Even though we have already finished install the hadoop images, there are still a lot of work to set up our environment in order to get the necessary software and packages for future running.
-
3.1 Connect the Image
$docker run -ti --name hadoop kiwenlau/hadoop:1.0 //command to run the kiwenlau images
Due to the Hadoop image is out of date, we need to do some update to set up the environment for our project.
-
3.2 Update Image
3.2.1 Install apt-get
The Advanced Package Tool, or APT, is a free software user interface that works with core libraries to handle the installation and removal of software on Debian and other Linux distributions
Reference: https://en.wikipedia.org/wiki/APT_(Debian)
#apt-get update //command to update the apt-get
3.2.2 Install Vim
Vim is the editor for Linux System.
#apt-get install vim //command to install vim
Press
Y
in keyboard when command line displayDo you want to continue? [Y/n]
3.2.3 Install Python3
Python is the programming language for our project.

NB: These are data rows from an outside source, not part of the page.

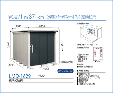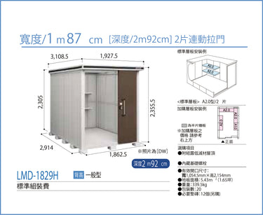 *預購* Yodoko [淀鋼置物櫃] 戶外儲物室 / 組合屋 LMD-1829 (W187cmxD292cm) 2款高度 ( 220 / 240cm )
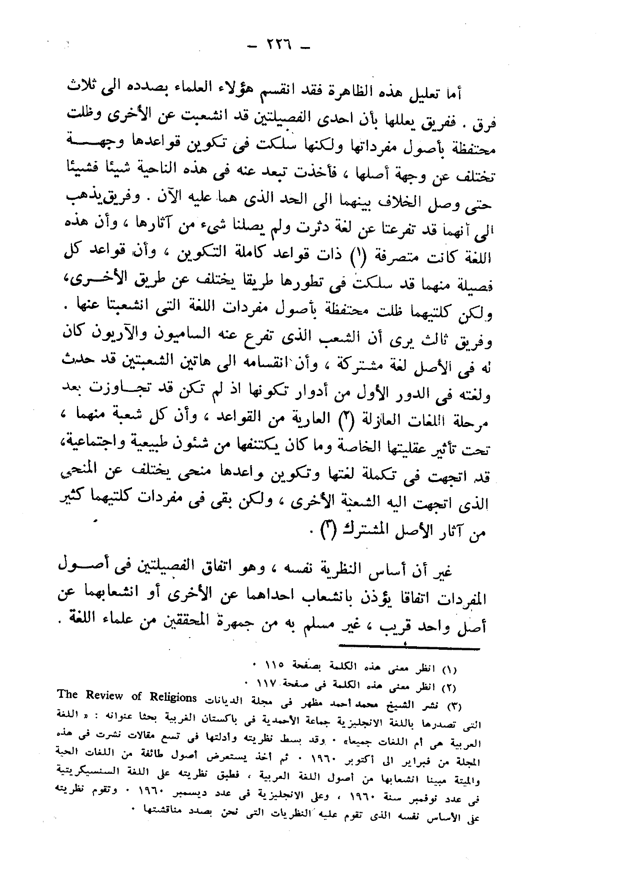 3 نشر الشيخ محمد أحمد مظهر في مجلة الديانات The Review of Religions التي تصدرها باللغة الإنجليزية جماعة الأحمدية في باكستان الغربية بحثًا عنوانه: "اللغة العربية هي أم اللغات جميعًا". وقد بسط نظريته وأدلتها في تسع مقالات نشرت في هذه المجلة من فبراير إلى أكتوبر 1960, ثم أخذ يستعرض أصول طائفة من اللغات الحية والميتة مبينًا انشعابها من أصول اللغة العربية، فطبق نظريته على اللغة السنسيكريتية في عدد نوفمبر سنة 1960، وعلى الإنجليزية في عدد ديسمبر 1960, وتقوم نظريته على الأساس نفسه الذي تقوم عليه النظريات التي نحن بصدد مناقشتها.
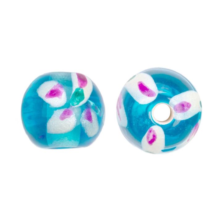 Glasperlen Lampwork Blume (8 x 9 mm) Aqua Blue (5 Stück)
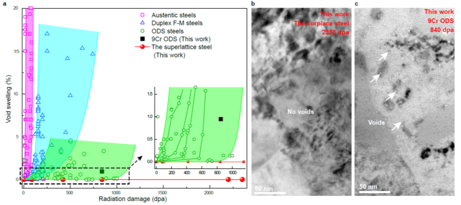 图1 a含高密度Ni(Al,Fe) 纳米粒子的超晶格钢在离子辐照条件下的超高耐辐照性能;b和c表明该超晶格钢具有很高的抗辐照肿胀性能
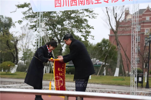 一个特别的环节在此上演,曾经因肺炎而受到学院师生帮助的无人机专业简琪祥极其家人送来了一面锦旗,让班主任代转达了对于学院的感谢。 在接下来的送祝福环节,四川西南航空职业学院领导与各二级学院的老师们齐上阵,表演形式多样,精彩纷呈,瞬间点燃现场激情,他们用最走心的节目表演为即将离校的西航学子们送行。
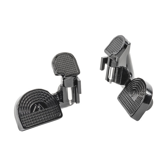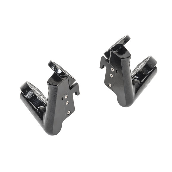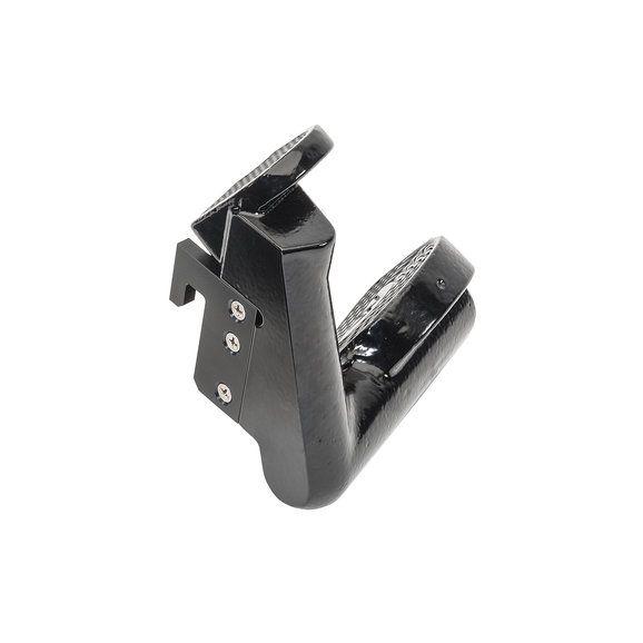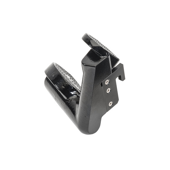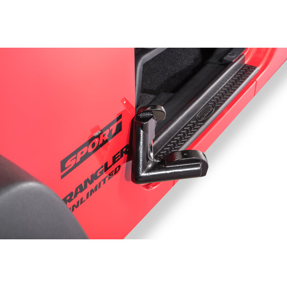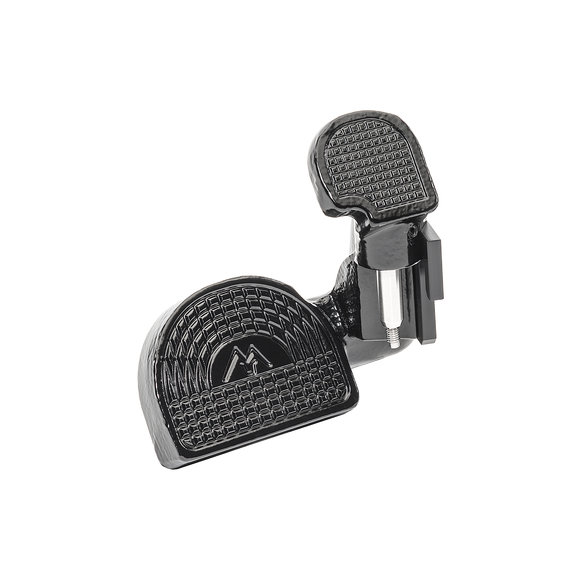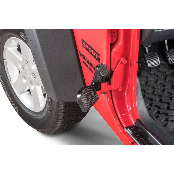 Enjoy a little more driving comfort with the doors off and having a comfy place to rest your foot. The Mirage Foot Rest boasts solid aluminum machined castings with two footrest areas to reduce fatigue. This footrest drops effortlessly onto the lower front door hinge with a machined fit and does not contact the body sheet metal. The Mirage Footrest features a stainless steel hinge pin with threaded ends to secure the footrest and discourage theft. The Mirage Footrest is a work of art and comes with a durable satin black powder coat finish for lasting durability. Use your existing factory hinge nut to secure the footrest. Nut not included. Made in the USA!

#apt install python3 //command to download Python package
3.2.4 Install pip
pip is a package management system used to install and manage software packages written in Python.
Reference https://en.wikipedia.org/wiki/Pip_(package_manager)
#wget https://bootstrap.pypa.io/get-pip.py //command to download get-pip.py file #python get-pip.py //command to install get-pip.py
3.2.5 Install Numpy
NumPy is a library for the Python programming language, adding support for large, multi-dimensional arrays and matrices, along with a large collection of high-level mathematical functions to operate on these arrays
Reference https://en.wikipedia.org/wiki/NumPy
#pip install numpy //command to install numpy
3.2.6 Install Pandas
Pandas is a software library written for the Python programming language for data manipulation and analysis.
Reference https://en.wikipedia.org/wiki/Pandas_(software)
#pip install pandas //command to install pandas
3.2.7 Install Sklearn
Scikit-learn is a free software machine learning library for the Python programming language.
Reference https://en.wikipedia.org/wiki/Scikit-learn
#pip install Sklearn //command to install sklearn
3.2.8 Install Scipy
SciPy is an open source Python library used for scientific computing and technical computing.
Reference https://en.wikipedia.org/wiki/SciPy
#pip install Scipy //command to install scipy
3.2.9 Install vader.sentiment
VADER (Valence Aware Dictionary and sEntiment Reasoner) is a lexicon and rule-based sentiment analysis tool that is specifically attuned to sentiments expressed in social media.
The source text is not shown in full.